Porträt Yuri Bashmet

Aus der Witzecke geholt

Yuri Bashmet hat der Viola ein neues Image verpasst. Doch auch zum Dirigierstock greift der Bratscher gerne mal

© Oleg Nachinkin

Yuri Bashmet

Yuri Bashmet

Paganini der Bratsche oder auch schlicht Mr. Bratsche: Schon seine inoffiziellen Ehrentitel künden von der einzigartigen Musikerpersönlichkeit Yuri Bashmets. Kein Wunder, war er allein es doch, der die Viola aus dem Orchesterverbund und den kammermusikalischen Formationen herausholte und sie zu einem Soloinstrument von gleichem Rang wie Violine und Cello werden ließ.
Ihre Initialzündung erfuhr diese Emanzipation „seines“ Instruments schon während seines Studiums am Moskauer Konservatorium in den 70er Jahren. Es war jene Zeit, als der junge Student in den heiligen Hallen den ganz Großen ihres Fachs über den Weg lief: Leonid Kogan, David Oistrach, Mstislaw Rostropowitsch, Emil Giles. Bashmet wollte mehr erfahren und habe so stets artig gegrüßt, erinnert er sich: Von Kogan keine Reaktion, Oistrach erkundigte sich wenigstens freundlich-distanziert über die Studienrichtung. Nur Rostropowitsch reagierte mit spontaner Herzlichkeit: „Ja grüß Dich, Alter! Komm doch in meine Klasse zuhören!“ In diesem hehren Umfeld von Violine und Cello habe er sich damals die Frage gestellt, warum seine Bratsche nicht auch dazugehöre – und begann gezielt an einer Solistenlaufbahn zu arbeiten. Als der Russe dann 1976 den Internationalen Viola-Wettbewerb in München gewann, war das der Durchbruch.

Neue Kompositionen für die Bratsche

Bashmet war der erste Bratscher, der in den berühmten Konzertsälen der Welt zu Solorecitals eingeladen wurde und bis heute für volle Häuser sorgt. Die hagere Gestalt im schwarzen Longshirt, das schwarze Haar schon nach wenigen Bogenstrichen auf seiner kostbaren Testore-Viola aus dem Jahr 1758 wirr ins Gesicht hängend, die Adleraugen fixiert auf das Notenblatt oder sein Instrument: So ist er zu einer Marke für seine Kunst geworden. Und er hat andere seines Fachs animiert, ihm zu folgen und zeitgenössische Komponisten von Schnittke bis Turnage angeregt, Werke für sein Instrument zu schreiben. Und dem sehr bescheidenen klassischen und romantischen Repertoire für Solobratsche begegnete der Künstler durch Arrangements anderer Werke.

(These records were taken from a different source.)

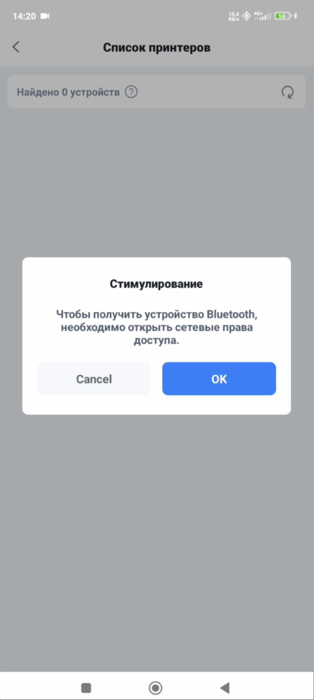 На мобильном принтере включен Bluetooth, установлен протокол CPCL, тип бумаги - этикетки (рис.8)
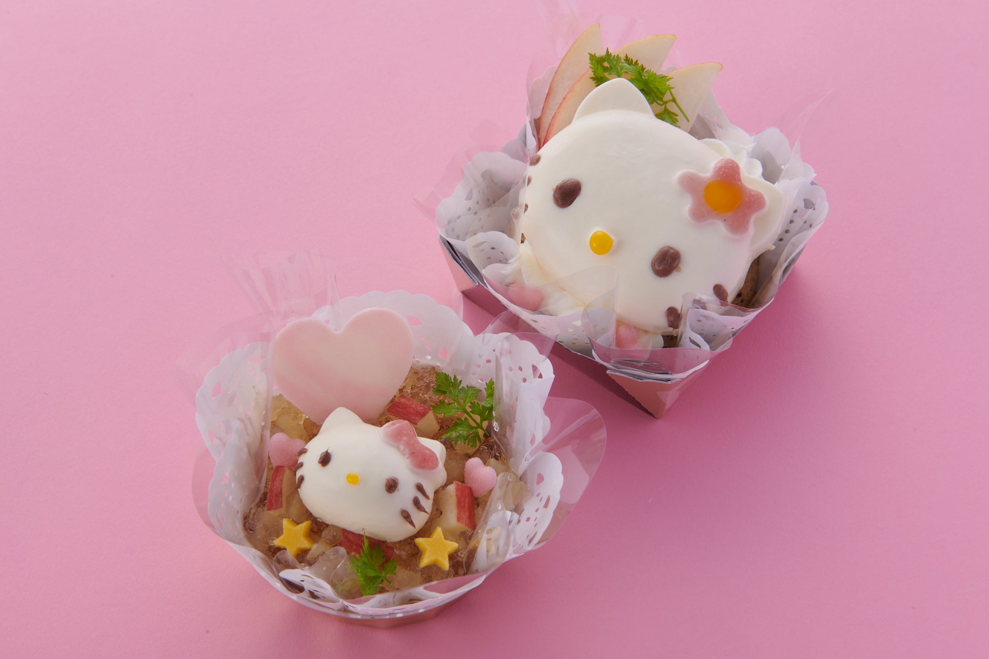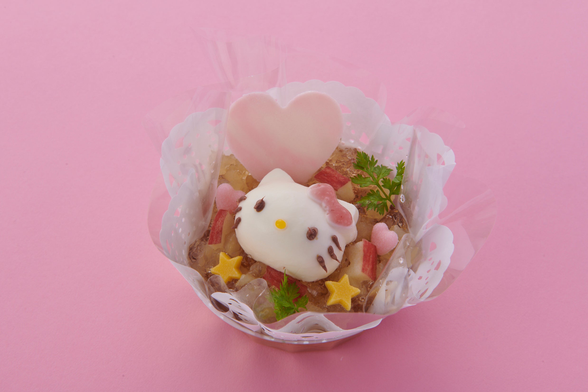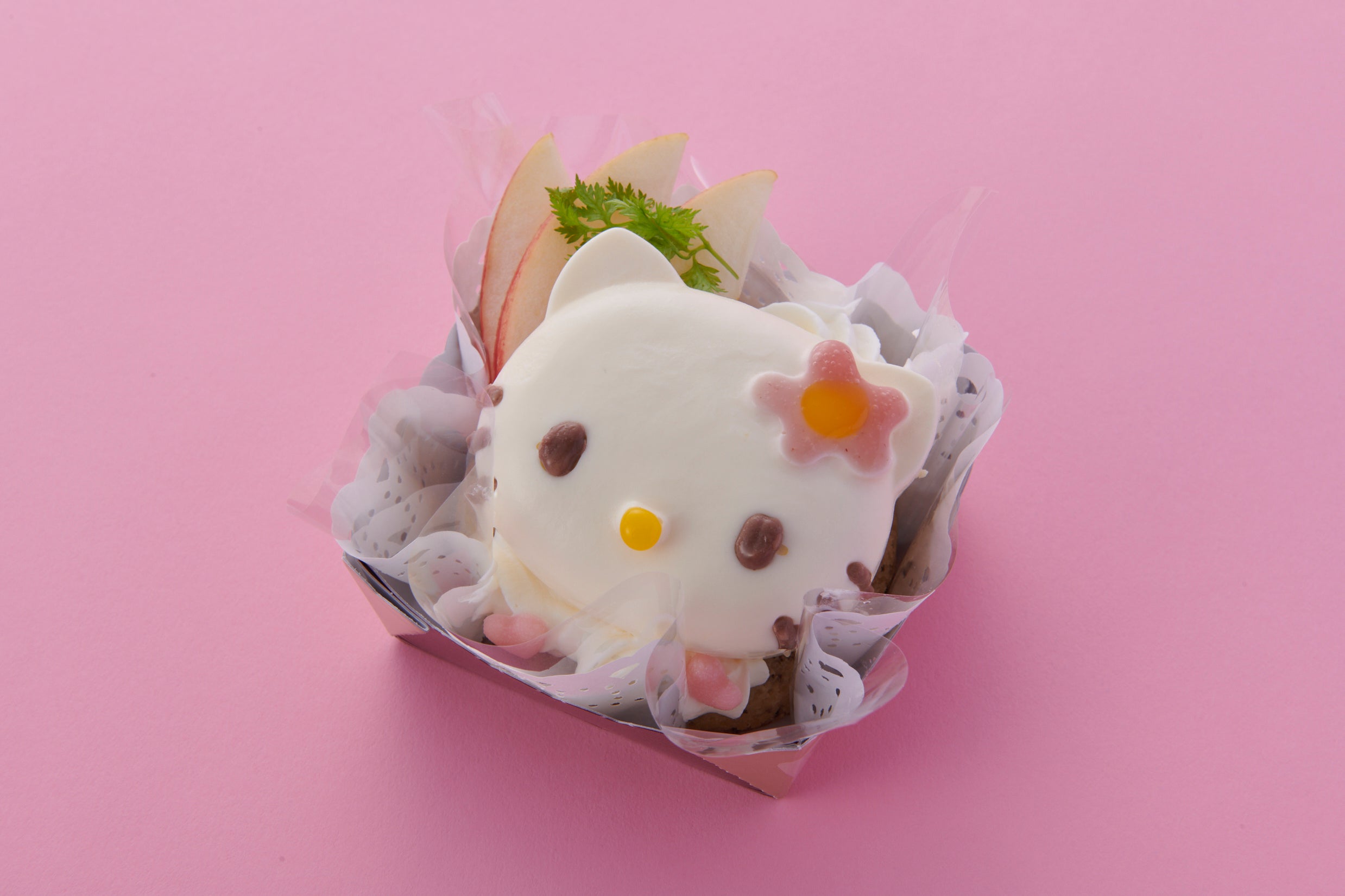 リンゴのコンポートとアップルティーの茶葉を生地に練り込んだ焼きドーナツに、歯ごたえの異なるフレッシュとコンポートのリンゴ入り特製リンゴジュレと生クリーム、そしてレアチーズムースで作った大きなハローキティを乗せました。レアチーズムースの中にも特製リンゴジュレが入っていますので、飽きずに楽しく食べていただけます。
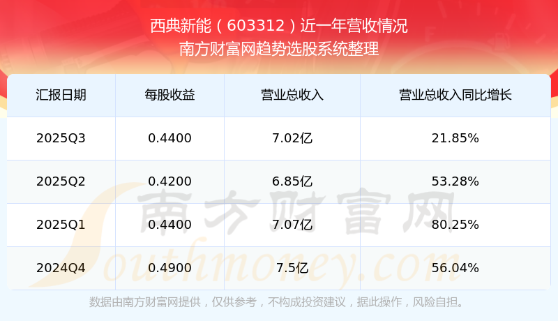 于2025年第三季度,西典新能披露了其業(yè)績表現(xiàn),其中主營業(yè)務(wù)收入7.02億元,相較于去年同期21.85%。此外,公司歸屬于母公司的凈利潤為7183.75萬元,同比增長了27.77%。在扣除所有非經(jīng)常性損益后,凈利潤7091.77萬元,同比增長27.81%。
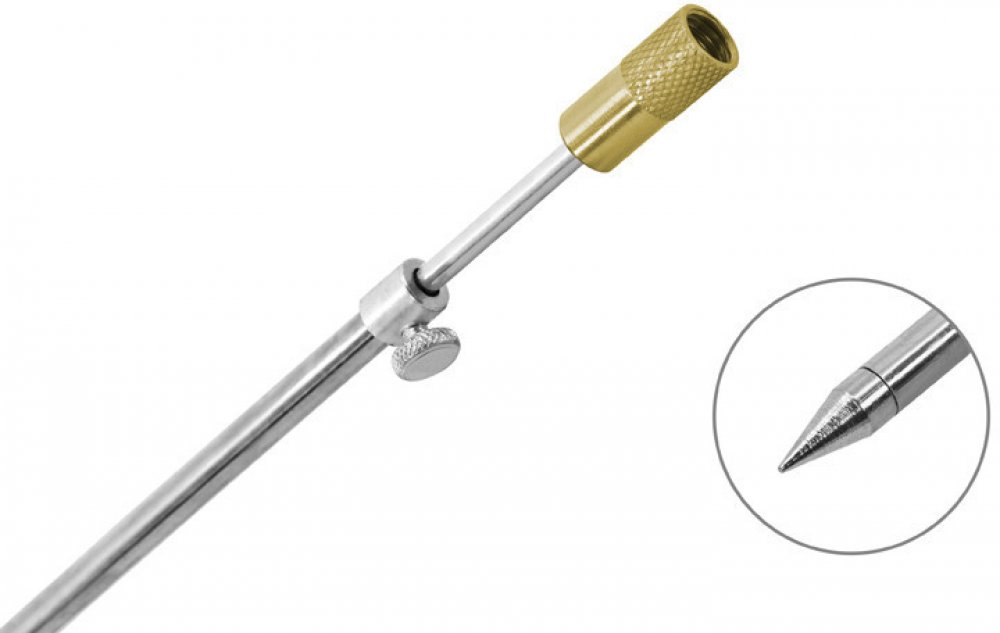 Velmi pevná, stabilní, teleskopická vidlička s hrotem. Vyrobena je z oceli, díky čemuž je výjimečně pevná. Vrchní část vidličky je osazena závitem, kompatibilním s elektronickými signalizátory záběru nebo různými úchytkami. Požadovanou výšku nastavíte jednoduše pomocí závitu s maticí, která slouží k zafixování výšky vidličky.
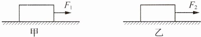 3. 如图所示,完全相同的两个物体在相同的水平地面上运动,所受拉力分别为$F_{1}$和$F_{2}$,且$F_{1}<F_{2}$。那么,不计空气阻力时,两物体受到的摩擦力大小关系为(
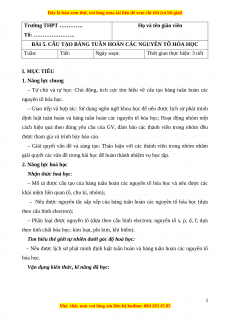 – Mô tả được cấu tạo của bảng tuần hoàn các nguyên tố hóa học và nêu được các
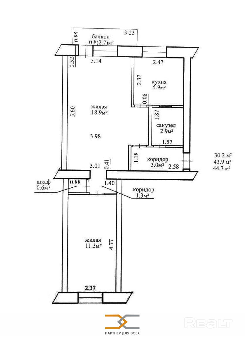Продается 2-комнатная квартира в г. Минске, по ул. Волоха, 59. Площадь квартиры по СНБ 44.7 м.кв, жилые комнаты 18.9 м.кв. и 11.3 м.кв., кухня 5.9 м.кв.

Stets neugierig, stets auf der Suche begann Bashmet zudem zu dirigieren: Den Anfang machte das Kammerensemble Moskauer Solisten, dem er seit dessen Neubildung 1992 als künstlerischer Leiter vorsteht; doch schon bald baten ihn weltweit die bedeutendsten Orchester ans Dirigentenpult. Sein Dirigierstil ist dabei absolut unspektakulär: Kein raffiniertes Jonglieren aus dem Handgelenk, kein virtuoses Fingerspiel, vielmehr kleine, sehr präzise Gesten, ab und zu ein ausgefahrener Arm – ganz seiner Persönlichkeit als wachsamer Zeitgenosse entsprechend.
Eben diese lässt ihn auch das Geschehen jenseits der Musik verfolgen – und sich einsetzen für das, was er für gut und richtig hält. Er ist Mitglied des Kunstrats des Kreml und gern gesehener Teilnehmer in Fernseh-Diskussionsrunden, Professor am Moskauer Konservatorium und in Lvov; zumindest bis vor kurzem, denn nach seiner Unterstützung für die russische Annexion der Krim verbannten ihn die Lemberger aus dem Institut seiner ersten musikalischen Ausbildung. Ganz er selbst darf Bashmet hingegen in seiner eigenen TV-Sendung „Traumbahnhof“ sein – als Musiker: Da erlebt der Zuschauer Begegnungen, musikalisch-poetische Offenbarungen, da singt gleichsam die Seele mit. „Singen ist das Fundament zur Musik in allen Dingen“ wusste schon Telemann. Wenn Bashmet Musik macht, dann ist das stets ein Singen.